小道に入って手を繋ぐ




 君が好きだと告げて。
 同じ想いを返してもらって。
 それまで一緒に登下校していた道程は、いつもと違うような気がしていた。
 下らないかもしれないがと付け加えて言うと、香穂子が「私もそう思ってた」とはにかんだ。

「一緒の事を考えるんだね、私たち」

「以前の俺ならこんなこと考えもしなかっただろうな」

「そうかな?」

 そんなことないと思うよと意外そうに彼女が言った。そう言われたことが意外で、思わず香穂子を見つめ返す。

「そうだろうか」

「そうなんですー」





 訪れる沈黙。
 お互いにあまり喋るほうではないが、こんな穏やかな時間も心地いい。
 交際暦、一週間。
 彼女と付き合うようになって、一つ習慣化しつつあるもの。

「はい」

 小道に入ると、香穂子が手を差し出した。
 その手を握り返すことに、あまり躊躇わなくなった。
 最初は俺から手を繋いだけれど、人の視線が気になるから、同じ星奏の生徒がいなくなるこの小道に入ってから、俺たちはそっと手を握る。
 始めこそ香穂子は驚いていたが、案外女性のほうが慣れると度胸が据わるのかもしれない。
 今となっては俺のほうが少しうろたえる。
 彼女の体温が流れ込むこの瞬間。
 きっと慣れることはないだろうなと苦笑する。

「どうしたの?」

 ふ、と息を漏らしたのがわかったらしく、香穂子が見上げてきた。
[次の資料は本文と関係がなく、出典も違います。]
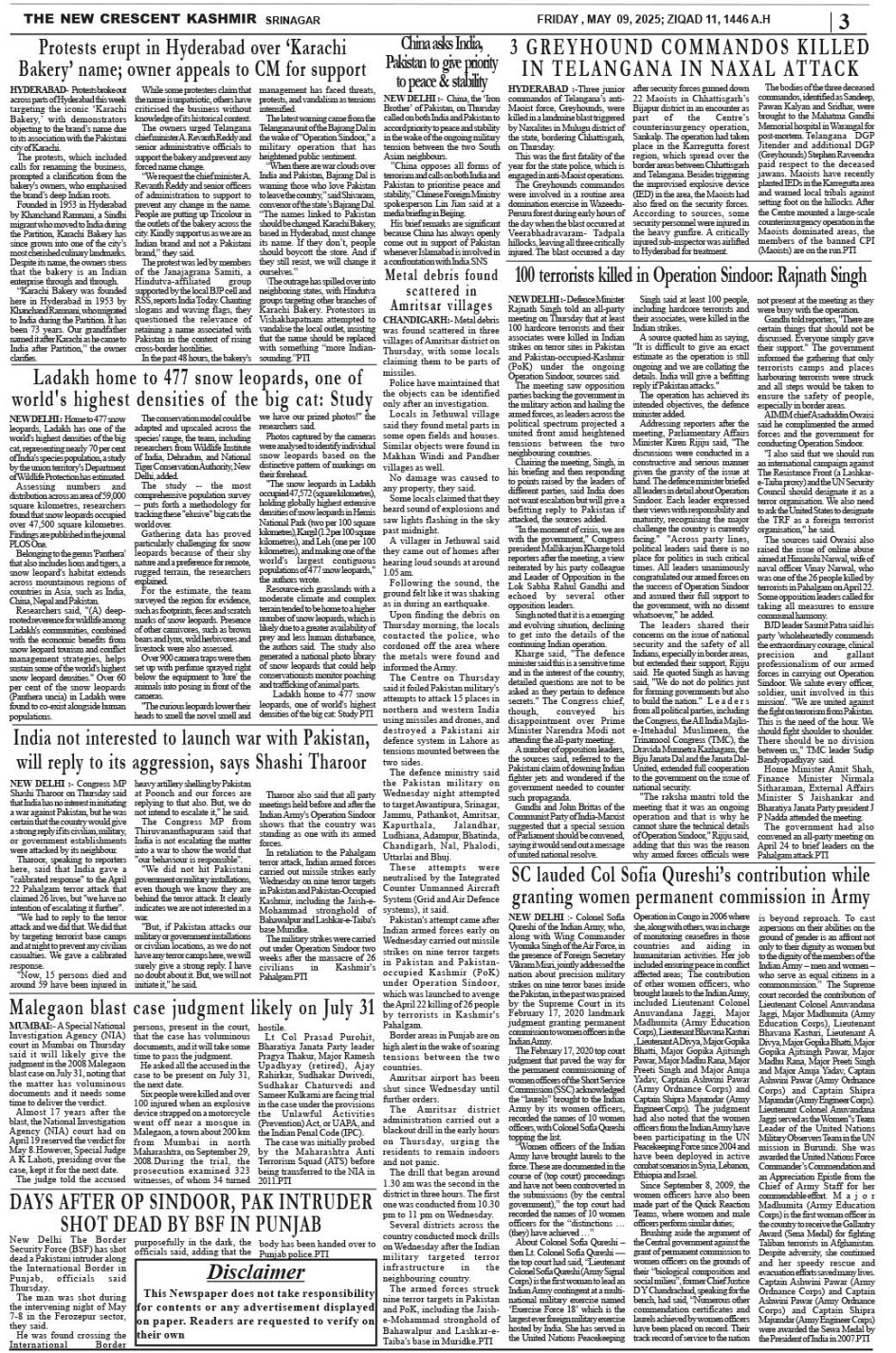 Crescent Kashmir 09-05-2025 Page: 3 May 09, 2025 << First << 3 >> Last >> Page 1Page 2Page 3Page 4Page 5Page 6Page 7Page 8 × Crescent Kashmir 09-05-2025 << First << 3 >> Last >> CK 1CK 2CK 3CK 4CK 5CK 6CK 7CK 8 CK 3

心なしか手を繋ぐ前よりも密着している気がする。
 そんなことにさえ、心が揺らぎそうになる。
 君に、もっと触れたいと思う自分に。

「いや、なんでもない。・・・君とこうして歩いている自分が不思議だなと思っていただけだ」

「あー、そうだよね。コンクールの始め頃の月森くんが今の月森くんを見たら、絶対怒ってたと思うなあ」

「・・・・・・」

「・・・・・・あははー」

 ごめんなさいと項垂れてしまった香穂子の手に、少しだけ力を込める。

「謝らなくていい。・・・きっと、あの頃の俺が今の俺を見たなら」

 不安そうに見上げる香穂子に微笑む。

「そんなに幸せなのかと悔しがったかもしれないな」



「・・・月森くんて」

「ん?」

「手を繋ぐのは恥ずかしがってこうやって人のいないところがいいって言うのに、そんな台詞はさらっと言っちゃうんだね」

「そうだろうか」

「そうなんですー」

 唇を尖らせる仕草が彼女にしては幼く見えた。

「香穂子」

 俺を見上げるより早く、顔を寄せた。
 一瞬だけ止まって、彼女の顔を覗き込む。
 驚いて目を丸くしていることに、内心してやったりと思いながら、唇を重ねた。





 小道で手を繋ぐ。
 それは誰も知らない、俺たちだけの、二人だけの秘密。